Exercise: Your answer must be the full set of entries, repeated exactly.

Items from a data source:
________________________

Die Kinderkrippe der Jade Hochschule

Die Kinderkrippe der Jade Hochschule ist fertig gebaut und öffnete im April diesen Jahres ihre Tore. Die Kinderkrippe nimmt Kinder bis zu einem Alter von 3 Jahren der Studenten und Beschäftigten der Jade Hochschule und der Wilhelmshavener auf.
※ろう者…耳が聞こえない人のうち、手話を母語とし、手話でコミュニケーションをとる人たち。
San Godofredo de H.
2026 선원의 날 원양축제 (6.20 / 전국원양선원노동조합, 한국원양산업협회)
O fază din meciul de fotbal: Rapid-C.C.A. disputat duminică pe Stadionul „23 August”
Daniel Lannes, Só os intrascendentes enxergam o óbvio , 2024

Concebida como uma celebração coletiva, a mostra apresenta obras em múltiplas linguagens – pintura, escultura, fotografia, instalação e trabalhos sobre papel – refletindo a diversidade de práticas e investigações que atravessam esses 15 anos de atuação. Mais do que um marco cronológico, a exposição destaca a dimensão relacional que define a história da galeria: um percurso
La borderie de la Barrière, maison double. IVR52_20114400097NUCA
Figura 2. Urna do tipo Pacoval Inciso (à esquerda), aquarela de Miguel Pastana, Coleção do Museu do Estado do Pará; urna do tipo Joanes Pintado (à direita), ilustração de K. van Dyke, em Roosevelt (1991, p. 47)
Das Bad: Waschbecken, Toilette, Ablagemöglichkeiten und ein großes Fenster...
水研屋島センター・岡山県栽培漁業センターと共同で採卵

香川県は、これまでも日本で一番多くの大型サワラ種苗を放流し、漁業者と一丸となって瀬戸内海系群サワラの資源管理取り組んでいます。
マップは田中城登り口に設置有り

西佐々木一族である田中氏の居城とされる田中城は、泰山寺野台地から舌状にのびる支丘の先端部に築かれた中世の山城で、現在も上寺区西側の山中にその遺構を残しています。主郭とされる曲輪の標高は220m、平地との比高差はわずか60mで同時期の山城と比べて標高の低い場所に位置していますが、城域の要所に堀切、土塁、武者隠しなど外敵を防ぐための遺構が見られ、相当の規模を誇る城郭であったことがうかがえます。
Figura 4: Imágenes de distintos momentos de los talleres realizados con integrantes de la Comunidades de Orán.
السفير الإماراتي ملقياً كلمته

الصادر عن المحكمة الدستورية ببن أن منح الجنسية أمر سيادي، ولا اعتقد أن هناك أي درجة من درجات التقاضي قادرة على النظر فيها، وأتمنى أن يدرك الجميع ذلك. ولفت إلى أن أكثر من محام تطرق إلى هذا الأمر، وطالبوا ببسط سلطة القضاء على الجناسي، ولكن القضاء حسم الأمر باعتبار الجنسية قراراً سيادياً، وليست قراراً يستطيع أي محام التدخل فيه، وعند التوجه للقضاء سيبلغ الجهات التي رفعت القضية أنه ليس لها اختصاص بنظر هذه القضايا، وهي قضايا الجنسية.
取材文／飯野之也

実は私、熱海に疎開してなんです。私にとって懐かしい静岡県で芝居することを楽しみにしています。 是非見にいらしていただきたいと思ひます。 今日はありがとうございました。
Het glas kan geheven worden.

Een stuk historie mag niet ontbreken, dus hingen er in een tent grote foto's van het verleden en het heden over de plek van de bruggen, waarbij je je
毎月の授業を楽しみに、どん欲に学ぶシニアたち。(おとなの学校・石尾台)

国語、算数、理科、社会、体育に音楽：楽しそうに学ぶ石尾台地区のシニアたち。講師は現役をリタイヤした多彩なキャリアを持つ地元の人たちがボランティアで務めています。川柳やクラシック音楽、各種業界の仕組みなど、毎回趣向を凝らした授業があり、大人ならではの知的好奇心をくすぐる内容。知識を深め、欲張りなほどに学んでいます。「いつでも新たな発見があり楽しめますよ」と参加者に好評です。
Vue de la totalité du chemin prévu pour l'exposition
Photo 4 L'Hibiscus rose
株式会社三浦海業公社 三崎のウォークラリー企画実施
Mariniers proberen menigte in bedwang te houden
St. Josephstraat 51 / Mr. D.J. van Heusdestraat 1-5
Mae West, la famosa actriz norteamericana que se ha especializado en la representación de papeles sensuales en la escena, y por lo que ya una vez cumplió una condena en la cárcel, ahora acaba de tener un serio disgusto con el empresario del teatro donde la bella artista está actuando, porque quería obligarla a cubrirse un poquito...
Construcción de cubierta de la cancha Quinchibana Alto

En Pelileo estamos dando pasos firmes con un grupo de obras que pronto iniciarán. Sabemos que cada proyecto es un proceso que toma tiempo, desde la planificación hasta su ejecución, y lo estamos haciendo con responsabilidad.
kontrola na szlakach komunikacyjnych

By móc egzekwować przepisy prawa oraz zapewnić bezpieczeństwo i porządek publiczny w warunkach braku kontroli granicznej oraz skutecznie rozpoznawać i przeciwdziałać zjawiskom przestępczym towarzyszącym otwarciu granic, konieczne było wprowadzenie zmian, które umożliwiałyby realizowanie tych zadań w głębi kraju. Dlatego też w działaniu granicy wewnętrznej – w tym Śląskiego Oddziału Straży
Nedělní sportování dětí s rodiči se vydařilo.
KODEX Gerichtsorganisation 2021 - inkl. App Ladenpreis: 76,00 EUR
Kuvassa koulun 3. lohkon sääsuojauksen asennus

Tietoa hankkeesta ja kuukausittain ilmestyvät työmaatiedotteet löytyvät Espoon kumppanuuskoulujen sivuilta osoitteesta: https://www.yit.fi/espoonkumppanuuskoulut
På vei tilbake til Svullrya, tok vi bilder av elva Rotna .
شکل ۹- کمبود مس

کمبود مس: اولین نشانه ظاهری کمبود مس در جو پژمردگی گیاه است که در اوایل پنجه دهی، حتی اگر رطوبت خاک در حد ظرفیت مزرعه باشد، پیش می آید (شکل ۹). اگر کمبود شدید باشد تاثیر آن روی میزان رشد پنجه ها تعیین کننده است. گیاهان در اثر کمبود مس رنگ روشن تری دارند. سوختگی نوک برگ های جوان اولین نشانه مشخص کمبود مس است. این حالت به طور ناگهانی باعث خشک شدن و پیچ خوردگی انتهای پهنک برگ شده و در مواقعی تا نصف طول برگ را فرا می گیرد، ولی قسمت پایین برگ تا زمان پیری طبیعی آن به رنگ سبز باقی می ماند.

________________________

Solved exercise:
Die Kinderkrippe der Jade Hochschule

Die Kinderkrippe der Jade Hochschule ist fertig gebaut und öffnete im April diesen Jahres ihre Tore. Die Kinderkrippe nimmt Kinder bis zu einem Alter von 3 Jahren der Studenten und Beschäftigten der Jade Hochschule und der Wilhelmshavener auf.
※ろう者…耳が聞こえない人のうち、手話を母語とし、手話でコミュニケーションをとる人たち。
San Godofredo de H.
2026 선원의 날 원양축제 (6.20 / 전국원양선원노동조합, 한국원양산업협회)
O fază din meciul de fotbal: Rapid-C.C.A. disputat duminică pe Stadionul „23 August”
Daniel Lannes, Só os intrascendentes enxergam o óbvio , 2024

Concebida como uma celebração coletiva, a mostra apresenta obras em múltiplas linguagens – pintura, escultura, fotografia, instalação e trabalhos sobre papel – refletindo a diversidade de práticas e investigações que atravessam esses 15 anos de atuação. Mais do que um marco cronológico, a exposição destaca a dimensão relacional que define a história da galeria: um percurso
La borderie de la Barrière, maison double. IVR52_20114400097NUCA
Figura 2. Urna do tipo Pacoval Inciso (à esquerda), aquarela de Miguel Pastana, Coleção do Museu do Estado do Pará; urna do tipo Joanes Pintado (à direita), ilustração de K. van Dyke, em Roosevelt (1991, p. 47)
Das Bad: Waschbecken, Toilette, Ablagemöglichkeiten und ein großes Fenster...
水研屋島センター・岡山県栽培漁業センターと共同で採卵

香川県は、これまでも日本で一番多くの大型サワラ種苗を放流し、漁業者と一丸となって瀬戸内海系群サワラの資源管理取り組んでいます。
マップは田中城登り口に設置有り

西佐々木一族である田中氏の居城とされる田中城は、泰山寺野台地から舌状にのびる支丘の先端部に築かれた中世の山城で、現在も上寺区西側の山中にその遺構を残しています。主郭とされる曲輪の標高は220m、平地との比高差はわずか60mで同時期の山城と比べて標高の低い場所に位置していますが、城域の要所に堀切、土塁、武者隠しなど外敵を防ぐための遺構が見られ、相当の規模を誇る城郭であったことがうかがえます。
Figura 4: Imágenes de distintos momentos de los talleres realizados con integrantes de la Comunidades de Orán.
السفير الإماراتي ملقياً كلمته

الصادر عن المحكمة الدستورية ببن أن منح الجنسية أمر سيادي، ولا اعتقد أن هناك أي درجة من درجات التقاضي قادرة على النظر فيها، وأتمنى أن يدرك الجميع ذلك. ولفت إلى أن أكثر من محام تطرق إلى هذا الأمر، وطالبوا ببسط سلطة القضاء على الجناسي، ولكن القضاء حسم الأمر باعتبار الجنسية قراراً سيادياً، وليست قراراً يستطيع أي محام التدخل فيه، وعند التوجه للقضاء سيبلغ الجهات التي رفعت القضية أنه ليس لها اختصاص بنظر هذه القضايا، وهي قضايا الجنسية.
取材文／飯野之也

実は私、熱海に疎開してなんです。私にとって懐かしい静岡県で芝居することを楽しみにしています。 是非見にいらしていただきたいと思ひます。 今日はありがとうございました。
Het glas kan geheven worden.

Een stuk historie mag niet ontbreken, dus hingen er in een tent grote foto's van het verleden en het heden over de plek van de bruggen, waarbij je je
毎月の授業を楽しみに、どん欲に学ぶシニアたち。(おとなの学校・石尾台)

国語、算数、理科、社会、体育に音楽：楽しそうに学ぶ石尾台地区のシニアたち。講師は現役をリタイヤした多彩なキャリアを持つ地元の人たちがボランティアで務めています。川柳やクラシック音楽、各種業界の仕組みなど、毎回趣向を凝らした授業があり、大人ならではの知的好奇心をくすぐる内容。知識を深め、欲張りなほどに学んでいます。「いつでも新たな発見があり楽しめますよ」と参加者に好評です。
Vue de la totalité du chemin prévu pour l'exposition
Photo 4 L'Hibiscus rose
株式会社三浦海業公社 三崎のウォークラリー企画実施
Mariniers proberen menigte in bedwang te houden
St. Josephstraat 51 / Mr. D.J. van Heusdestraat 1-5
Mae West, la famosa actriz norteamericana que se ha especializado en la representación de papeles sensuales en la escena, y por lo que ya una vez cumplió una condena en la cárcel, ahora acaba de tener un serio disgusto con el empresario del teatro donde la bella artista está actuando, porque quería obligarla a cubrirse un poquito...
Construcción de cubierta de la cancha Quinchibana Alto

En Pelileo estamos dando pasos firmes con un grupo de obras que pronto iniciarán. Sabemos que cada proyecto es un proceso que toma tiempo, desde la planificación hasta su ejecución, y lo estamos haciendo con responsabilidad.
kontrola na szlakach komunikacyjnych

By móc egzekwować przepisy prawa oraz zapewnić bezpieczeństwo i porządek publiczny w warunkach braku kontroli granicznej oraz skutecznie rozpoznawać i przeciwdziałać zjawiskom przestępczym towarzyszącym otwarciu granic, konieczne było wprowadzenie zmian, które umożliwiałyby realizowanie tych zadań w głębi kraju. Dlatego też w działaniu granicy wewnętrznej – w tym Śląskiego Oddziału Straży
Nedělní sportování dětí s rodiči se vydařilo.
KODEX Gerichtsorganisation 2021 - inkl. App Ladenpreis: 76,00 EUR
Kuvassa koulun 3. lohkon sääsuojauksen asennus

Tietoa hankkeesta ja kuukausittain ilmestyvät työmaatiedotteet löytyvät Espoon kumppanuuskoulujen sivuilta osoitteesta: https://www.yit.fi/espoonkumppanuuskoulut
På vei tilbake til Svullrya, tok vi bilder av elva Rotna .
شکل ۹- کمبود مس

کمبود مس: اولین نشانه ظاهری کمبود مس در جو پژمردگی گیاه است که در اوایل پنجه دهی، حتی اگر رطوبت خاک در حد ظرفیت مزرعه باشد، پیش می آید (شکل ۹). اگر کمبود شدید باشد تاثیر آن روی میزان رشد پنجه ها تعیین کننده است. گیاهان در اثر کمبود مس رنگ روشن تری دارند. سوختگی نوک برگ های جوان اولین نشانه مشخص کمبود مس است. این حالت به طور ناگهانی باعث خشک شدن و پیچ خوردگی انتهای پهنک برگ شده و در مواقعی تا نصف طول برگ را فرا می گیرد، ولی قسمت پایین برگ تا زمان پیری طبیعی آن به رنگ سبز باقی می ماند.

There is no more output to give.